A crate to help you go wide. By which I mean use SIMD stuff.
https://docs.rs/wide
zlib License
279 stars 23 forks source link

add slice methods #105

Closed ImUrX closed 3 years ago

ImUrX commented 3 years ago

im thinking of implementing Index and IndexMut but i want to know what you meant about the note to avoid in hot code, by that i mean how to implement that note lol closes #60

Lokathor commented 3 years ago

I'd kinda forgotten about the details of #60. These are converting the SIMD value to an array. That's useful, but the usual name would in that case be to_array instead of as_slice. This would be most similar to to_bits in the standard library.

Other than the name the code is all fine.

ImUrX commented 3 years ago

yeah its useful, i was thinking as_slice as the Vec method, but i just noticed it passes a reference instead, so i should really rename it to to_array

i saw that there are instructions for extracting and replacing lanes which could be pretty nice for implementing Index and IndexMut, should i continue on that idea too?

ImUrX commented 3 years ago

But now that i think about it Index and IndexMut expect references to the value which I dont think its gonna be possible

Lokathor commented 3 years ago

So what happens is that it works, but the compiler pushes the register onto the stack, performs the memory operation on the reference, and then pops the value off the stack. It's completely inefficient, which is why wide doesn't offer it.

If you still really want to do it, a person could use bytemuck to fiddle a reference to a SIMD value into a reference to a slice or something like that. But the hope is that the difficulty of doing such a thing will help prevent people from casually using Index and then losing a ton of performance.

ImUrX commented 3 years ago

you are right, i will just correct the names for this pr

torokati44 commented 2 years ago

I found that, in the use case of simply applying a mathematical function to a big array of input numbers, and putting the results into a different big array of output values, the to_array() function is really inefficient, as it likely always creates an unnecessary intermediate copy of the lanes (possibly even allocates, even if only on the stack). And I found no other way of accessing the individual lane values to copy them into the output array. But using bytemuck::cast_ref, this bulk processing is much faster (on wasm32 target at least), as the values can go straight from input array to vector registers to output array (I haven't verified this though).

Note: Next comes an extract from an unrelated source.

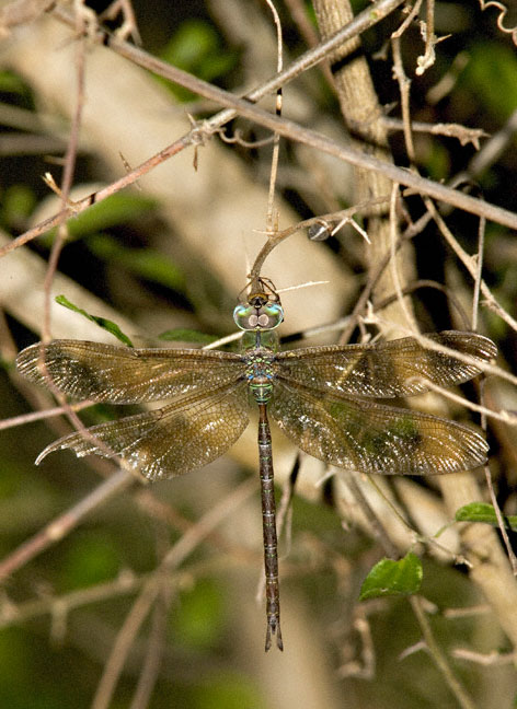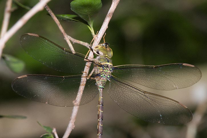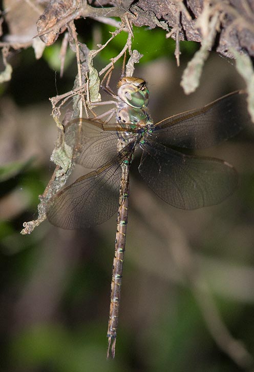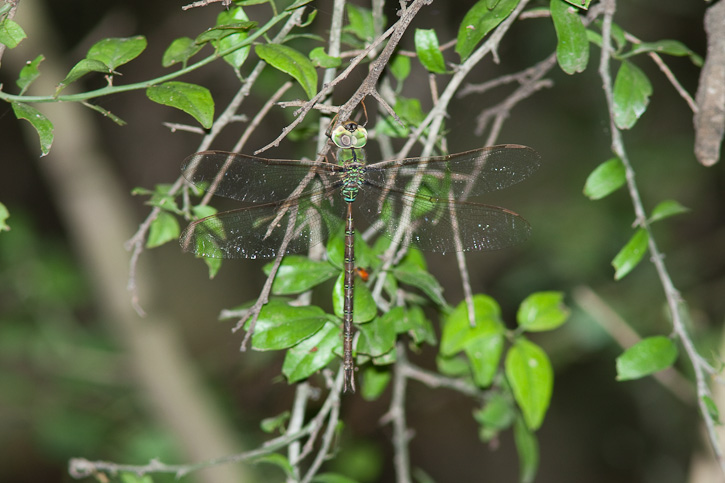 | Since the two images above, The Bar-sided Darner has proven to be more common than initially thought. Some observers have found as many as 15 to 20 hanging up in a relatively small area in the late summer. In September, 2008, I spent some time at Santa Ana N.W.R., with Dennis Paulson, the Dauphins, Tom Pendleton and others and we saw perhaps a dozen individuals over a 3 day period. The next 8 images were taken in September, 2008, with a Canon EOS 1D Mark III and EF 300mm F/4 L IS lens and 2X extender and 580 EX II flash. |

Lokathor commented 2 years ago

I'm not entirely sure I understand your situation so let me see if I follow what you're saying:

In a situation like this, since you already mentioned bytemuck, I would suggest using pod_align_to. Then you can do the entire middle portion as an iteration over simd values.

If this doesn't work out for you please open a new issue though. I'm interested in having things work, but old PRs that are already merged is where things quickly get lost and forgotten about.